(WHAT THIS TASK INVOLVES)
What you return must be the full data, repeated verbatim, with no pictures in it.

(RECORDED INFORMATION)
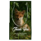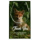Giftväska med ett foto med en söt liten baby räv med rött och vitt päls. Omringad med lush grönt löv och gräs.
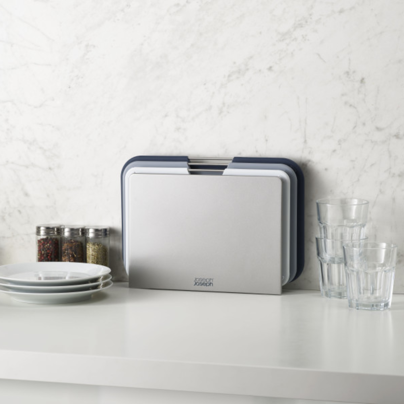 These sleek 3-piece chopping board sets come complete with their own storage stand that holds the boards apart for fast drying.
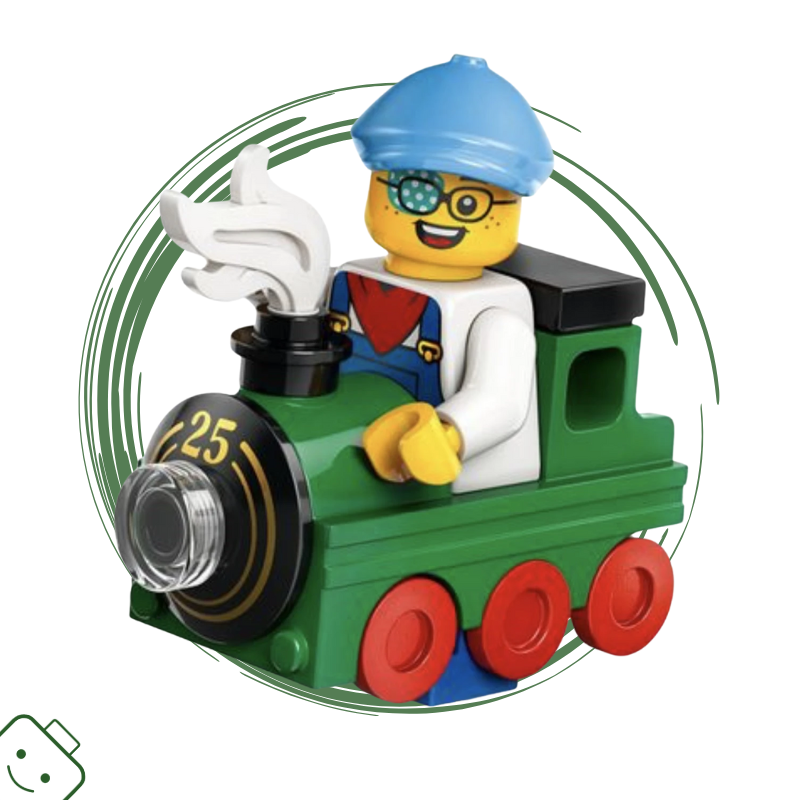 Je to postava, která okamžitě vyvolá úsměv – ať už ji postavíš vedle vláčkové dráhy, do sbírky nebo do výlohy. Kostým je detailně zpracovaný, s kolečky, komínem a vlakovým motivem, který potěší každého fanouška LEGO® i železnice.
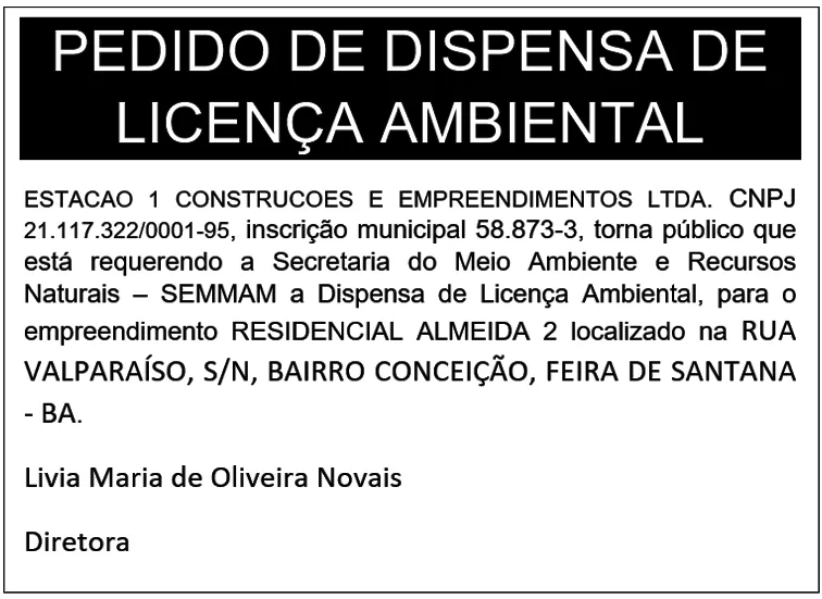 ESTACAO 1 CONSTRUCOES E EMPREENDIMENTOS LTDA. CNPJ 21.117.322/0001-95, inscrição municipal 58.873-3, torna público que está requerendo a Secretaria do Meio Ambiente e Recursos Naturais – SEMMAM a Dispensa de Licença Ambiental, para o empreendimento RESIDENCIAL ALMEIDA 2 localizado na RUA VALPARAÍSO, S/N, BAIRRO CONCEIÇÃO, FEIRA DE SANTANA - BA.
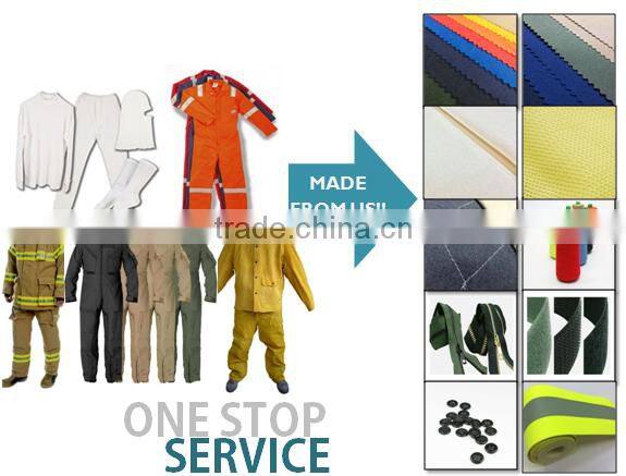 We provide One-Stop service which is helping the cusomter to find/develop their request for whole garment(fabric/accessories)with quality assurance due to we have wroking this FR market more than 15 years, our client have oil & gas, Industries, Army Forces, police, garment maker...etc.
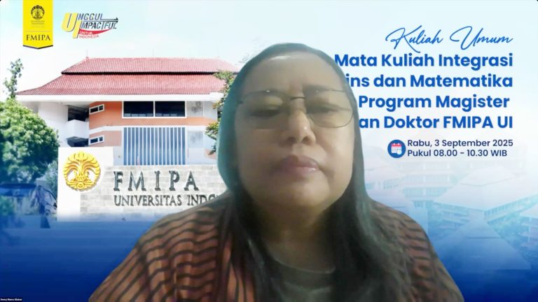 The Faculty of Mathematics and Natural Sciences, Universitas Indonesia (FMIPA UI), held an online public lecture for the Science and Mathematics Integration Course (MKI SainsMat) on Wednesday (September 3, 2025). This course is part of the 2024 Curriculum, designed to foster cross-disciplinary collaboration in addressing global challenges, particularly those related to the Sustainable Development Goals (SDGs).
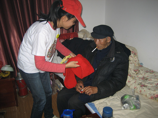 最后,同学们给老人献上了精心准备的礼物:水杯、零食、书籍,还有女同学们花了几天时间织的围巾。老人们戴着围巾和同学们合影留念,对他们的离去充满不舍。
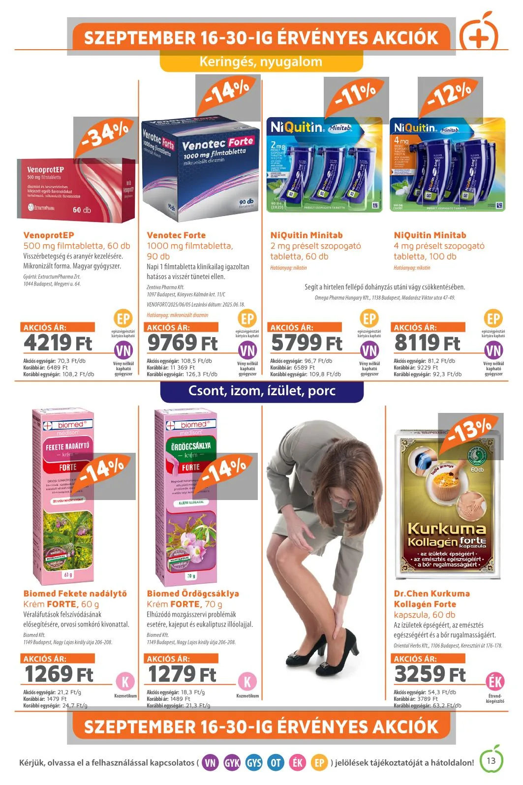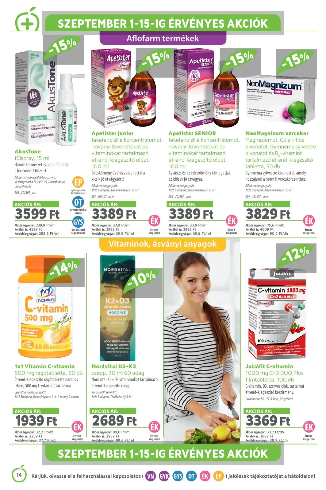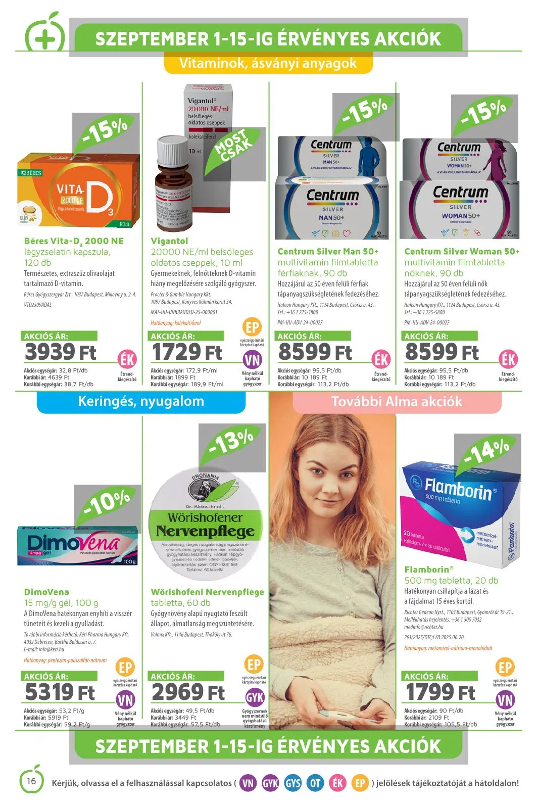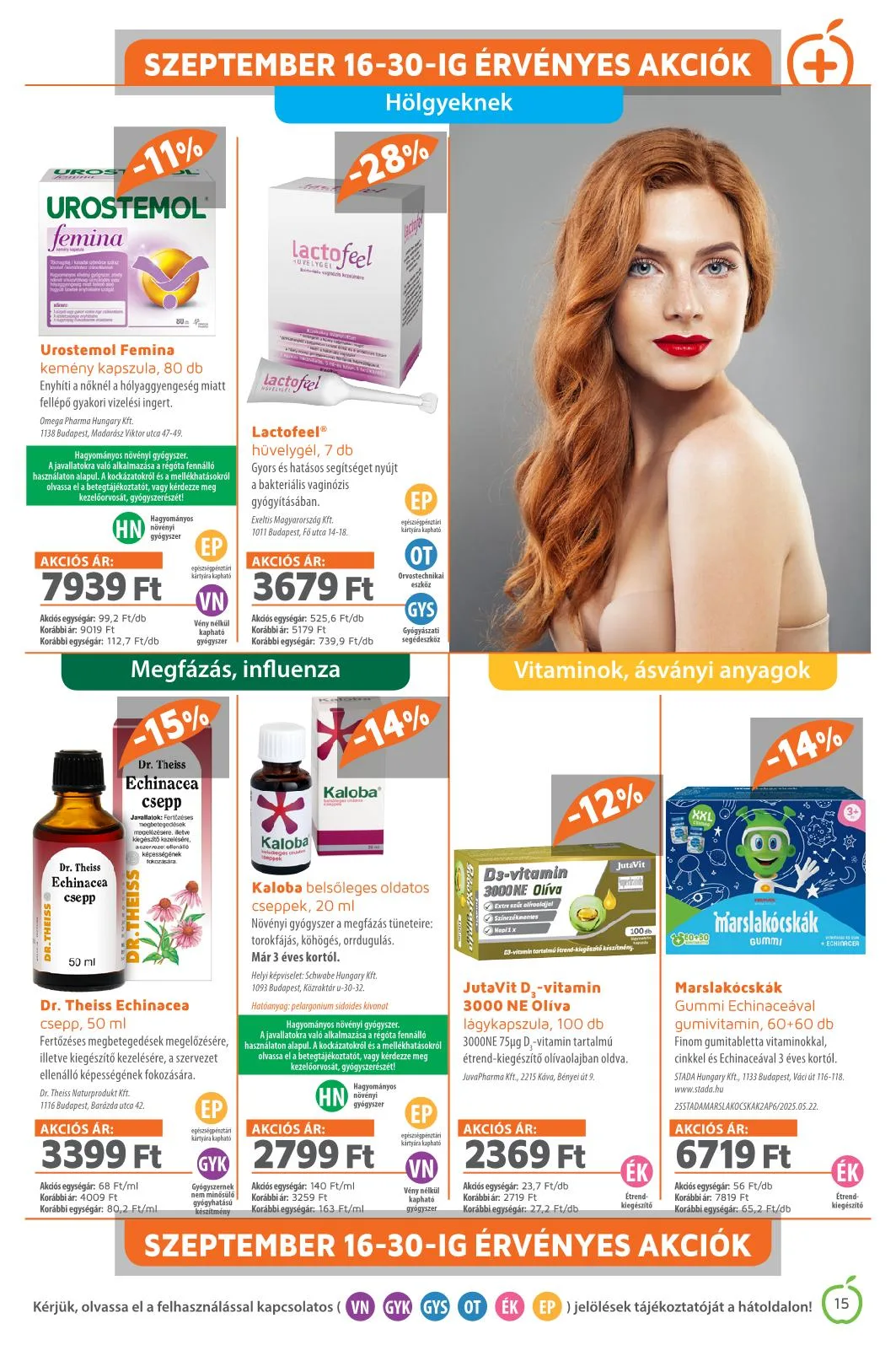 Szeptember 16-30-ig érvényes akciók. Kérjük, olvassa el a felhasználással kapcsolatos (VN GYK GYS OT ÉK EP) jelölések tájékoztatóját a hátoldalon!
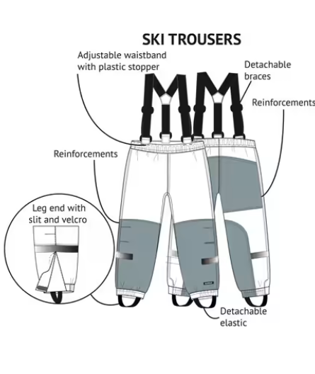 Wasserfeste Schneehose (8000mm Wassersäule) von Villervalla. Verschweißte Nähte und atmungsaktiv. Verstärkungen an den Knien und am Po. Abnehmbare Hosenträger. Einstellbare Bündchen ab Größe 98. Abnehmbares Gummiband an den Füssen. Reflexe an den Beinen.

(WRITTEN RESPONSE)
Giftväska med ett foto med en söt liten baby räv med rött och vitt päls. Omringad med lush grönt löv och gräs.
 These sleek 3-piece chopping board sets come complete with their own storage stand that holds the boards apart for fast drying.
 Je to postava, která okamžitě vyvolá úsměv – ať už ji postavíš vedle vláčkové dráhy, do sbírky nebo do výlohy. Kostým je detailně zpracovaný, s kolečky, komínem a vlakovým motivem, který potěší každého fanouška LEGO® i železnice.
 ESTACAO 1 CONSTRUCOES E EMPREENDIMENTOS LTDA. CNPJ 21.117.322/0001-95, inscrição municipal 58.873-3, torna público que está requerendo a Secretaria do Meio Ambiente e Recursos Naturais – SEMMAM a Dispensa de Licença Ambiental, para o empreendimento RESIDENCIAL ALMEIDA 2 localizado na RUA VALPARAÍSO, S/N, BAIRRO CONCEIÇÃO, FEIRA DE SANTANA - BA.
 We provide One-Stop service which is helping the cusomter to find/develop their request for whole garment(fabric/accessories)with quality assurance due to we have wroking this FR market more than 15 years, our client have oil & gas, Industries, Army Forces, police, garment maker...etc.
 The Faculty of Mathematics and Natural Sciences, Universitas Indonesia (FMIPA UI), held an online public lecture for the Science and Mathematics Integration Course (MKI SainsMat) on Wednesday (September 3, 2025). This course is part of the 2024 Curriculum, designed to foster cross-disciplinary collaboration in addressing global challenges, particularly those related to the Sustainable Development Goals (SDGs).
 最后,同学们给老人献上了精心准备的礼物:水杯、零食、书籍,还有女同学们花了几天时间织的围巾。老人们戴着围巾和同学们合影留念,对他们的离去充满不舍。
 Szeptember 16-30-ig érvényes akciók. Kérjük, olvassa el a felhasználással kapcsolatos (VN GYK GYS OT ÉK EP) jelölések tájékoztatóját a hátoldalon!
 Wasserfeste Schneehose (8000mm Wassersäule) von Villervalla. Verschweißte Nähte und atmungsaktiv. Verstärkungen an den Knien und am Po. Abnehmbare Hosenträger. Einstellbare Bündchen ab Größe 98. Abnehmbares Gummiband an den Füssen. Reflexe an den Beinen.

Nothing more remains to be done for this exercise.